The respondent makes a number of objections as to the form of the claim. None of them were assigned as reasons for the rejection of the claim at the time thereof, nor were any of them made by demurrer or answer, and they are all very technical. The claim was received by the executor thirteen days before his appointment as such, and it was retained by him more than a year after appointment, when it was *516rejected. In view of these facts the point that the claim was presented before letters testamentary issued cannot be seriously considered.
The figures of the amount due are stated in the claim itself, but they are accompanied neither by the dollar sign nor by the word “dollars.” But as the affidavit attached to the claim gives the amount demanded in dollars and cents, the omission in the claim is harmless.

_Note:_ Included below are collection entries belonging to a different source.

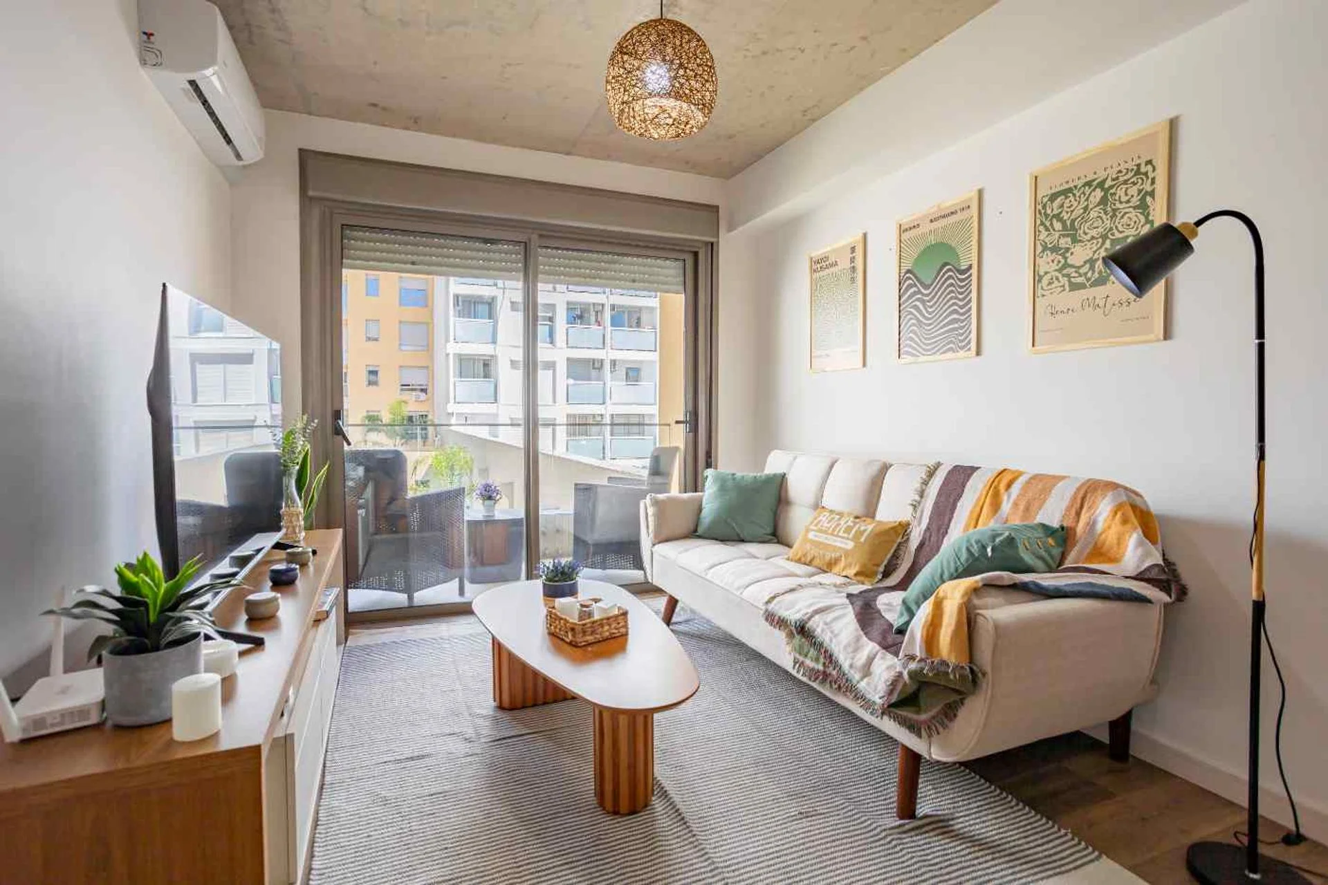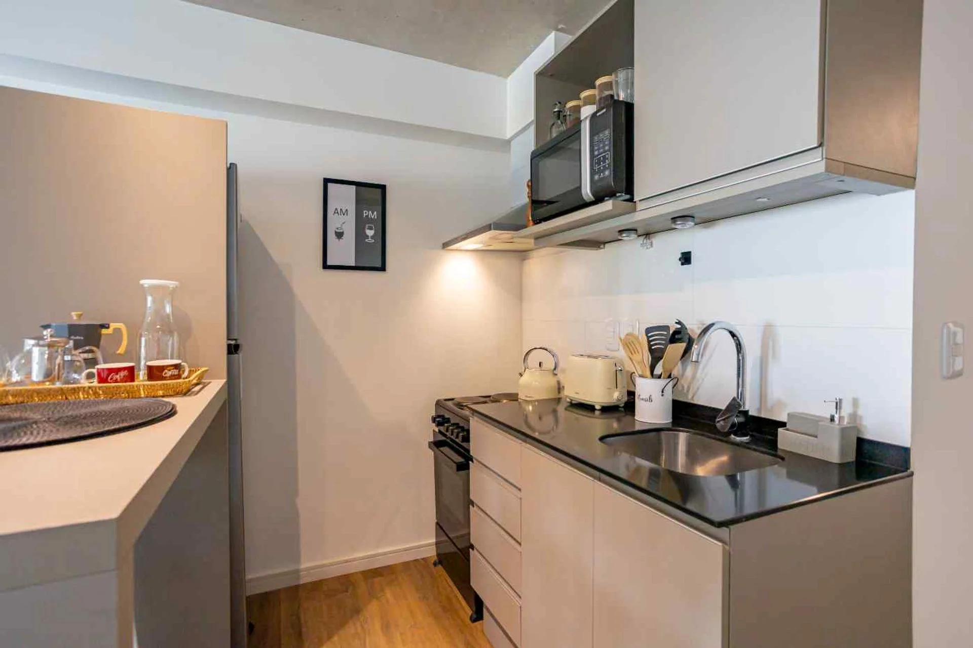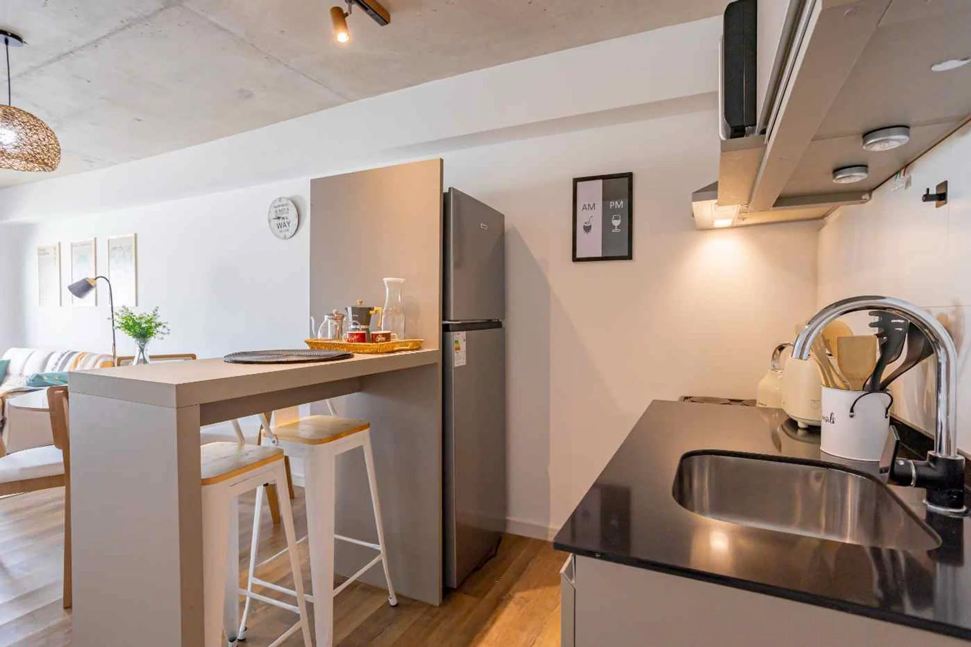 - Living comedor con cocina semi integrada y aire acondicionado.
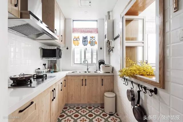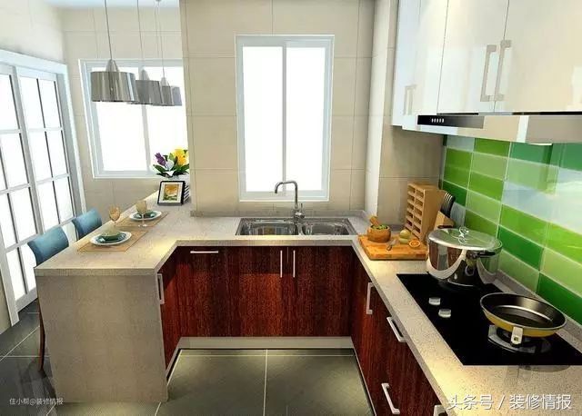注意:小户型的厨房建议做成餐厨一体的开放式,采用紧凑的I型布局,不浪费空间。
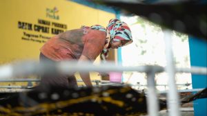 Misiyem, salah seorang pekerja difabel dari Rumah Produksi Batik Ciprat Karya Barokah melakukan proses produksi batik di workshop yang terletak di Desa Pucung, Kabupaten Wonogiri. FOTO DOK PLN
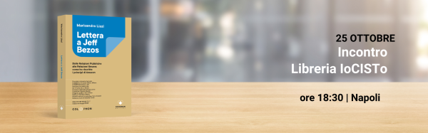 Sabato 25 ottobre, ore 16:00, IoCiSto – La Libreria di Tutti (Via Cimarosa 20, Vomero) Per dare a tutti la possibilità di partecipare e poi godersi con calma la partita Napoli-Inter, la prima presentazione napoletana del libro Lettera a Jeff Bezos di Marisandra Lizzi è stata anticipata alle ore 16:00. Un orario perfetto per incontrarsi, dialogare e r...
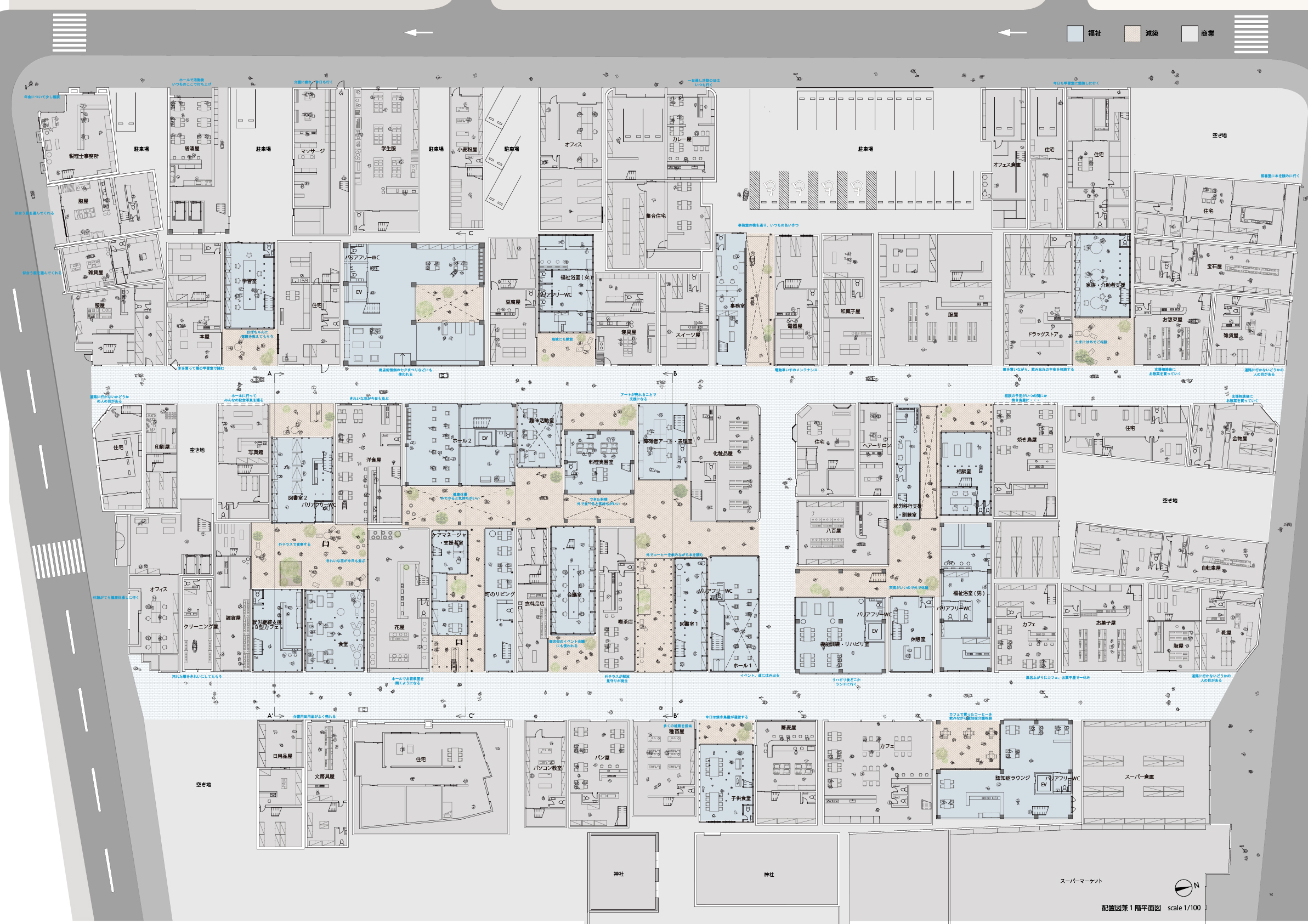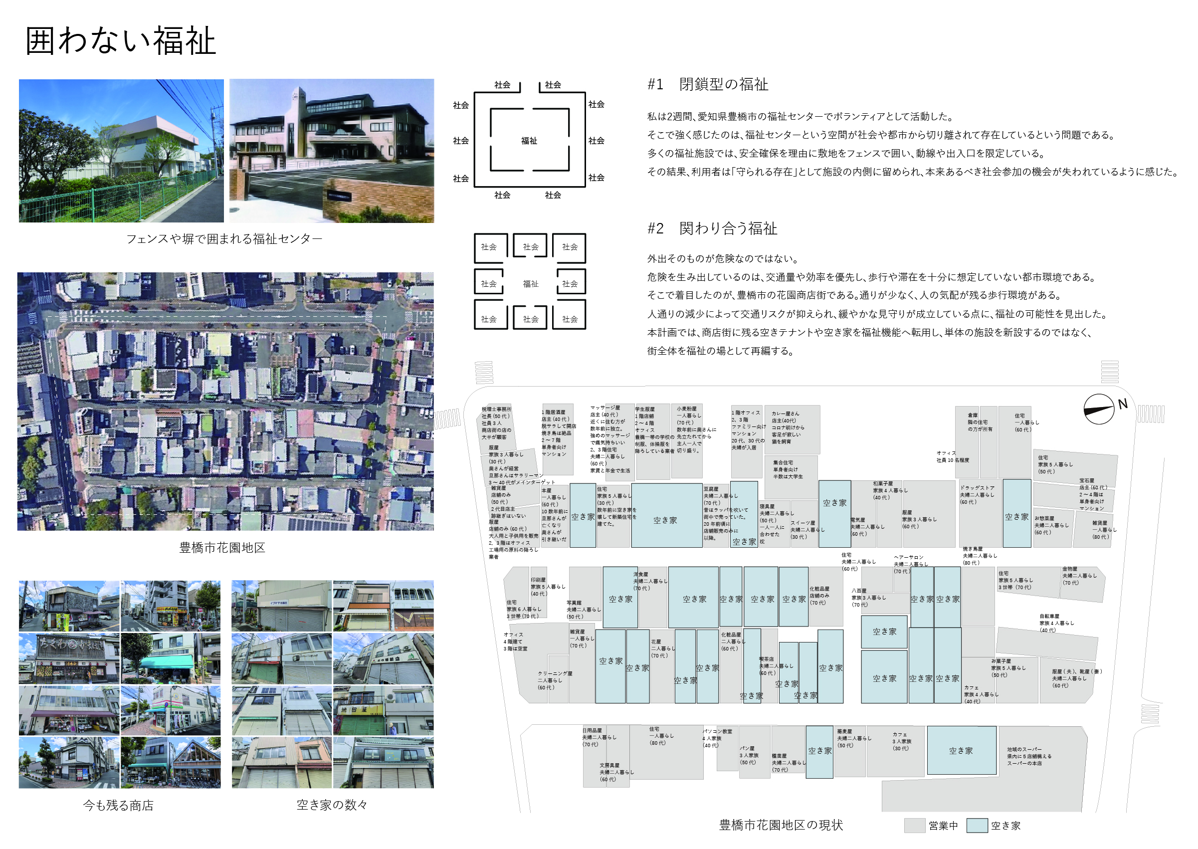 私は2週間、愛知県豊橋市の福祉センターでボランティア活動を行い、福祉施設が社会や都市から切り離されて存在していることに強い違和感を覚えた。多くの施設は安全確保を理由に囲われ、利用者は「守られる存在」として内側に留められている。しかし危険なのは外出そのものではなく、歩行や滞在を想定していない都市環境である。車通りが少なく人の気配が残る花園商店街に福祉の可能性を見出し、本計画では空きテナントや空き家を福祉機能へ転用する。既存建築を減築し余白を生むことで、人と人、人と街が緩やかに関わる環境をつくり、福祉を特別な施設ではなく、都市に埋め込まれた日常の一部として再編する提案である。

The affidavit to the claim is made by the treasurer of the claimant. It is alleged in the complaint and found by the court that the claimant was a corporation; hence section 1494, Code of Civil Procedure, providing that when the affidavit to a claim against an estate is made by a person other than the claimant the reason therefor must be set forth does not apply. This affidavit is not made by a third person; it is made by the corporation itself through one of its authorized officers, which, of course, is the only way a corporation can act.
The judgment and order appealed from are reversed.
Cooper, P. J., and Hall, J., concurred.